__Information provided__:

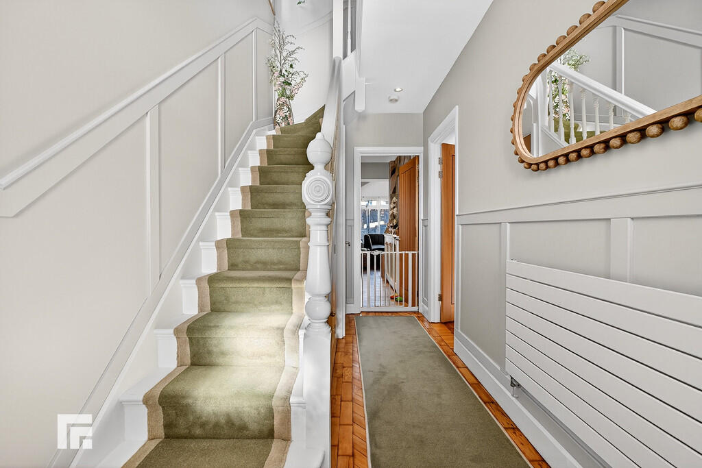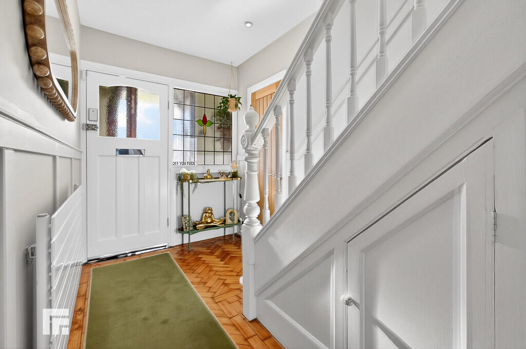 ENTRANCEHALLWAY Modern wall mounted radiator. Carpeted stairs to the first floor. Stained glass window to the front. Wall mounted modern radiator. Wood block flooring. Doors to ground floor rooms.
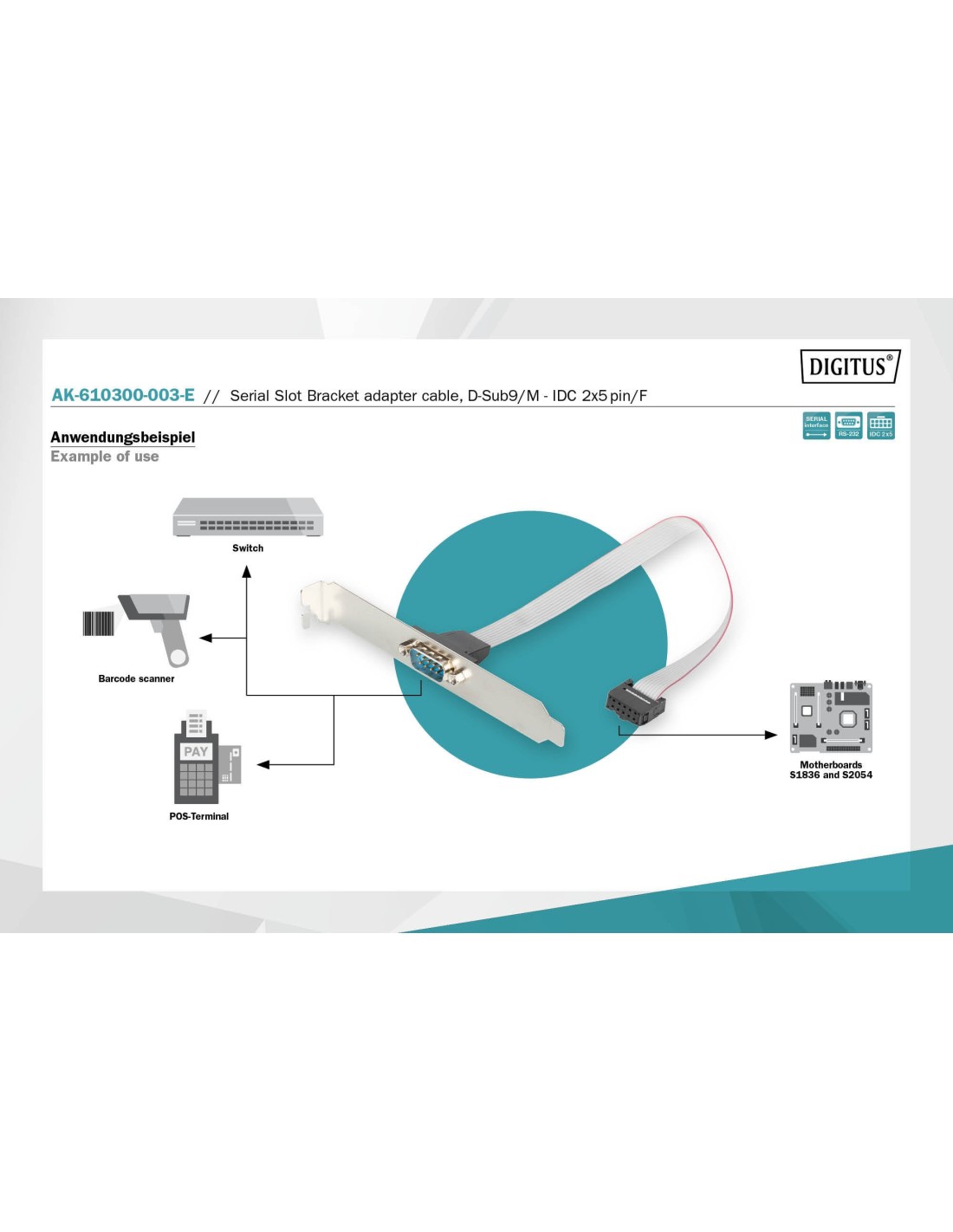 14 días de devoluciónCable de soporte de ranura serial, D-Sub9 - IDC 2x5pin M/F, 0.25m, serial, DTK, be
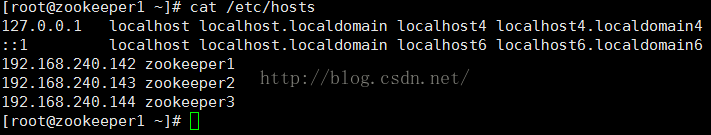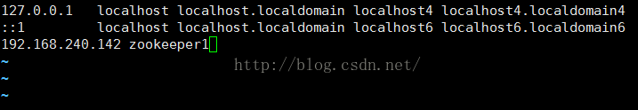 因为我们配置的是server.1=zookeeper1:2888:3888;没有修改/etc/hosts文件所以,计算机无法识别zookeeper1:我这台机子的地址是192.168.240.142,所以需要在/etc/hosts中加入:

__Aim of the exercise__: The task requires that every line above be transcribed exactly, without the images.

__Solution to the problem__:
 ENTRANCEHALLWAY Modern wall mounted radiator. Carpeted stairs to the first floor. Stained glass window to the front. Wall mounted modern radiator. Wood block flooring. Doors to ground floor rooms.
 14 días de devoluciónCable de soporte de ranura serial, D-Sub9 - IDC 2x5pin M/F, 0.25m, serial, DTK, be
 因为我们配置的是server.1=zookeeper1:2888:3888;没有修改/etc/hosts文件所以,计算机无法识别zookeeper1:我这台机子的地址是192.168.240.142,所以需要在/etc/hosts中加入:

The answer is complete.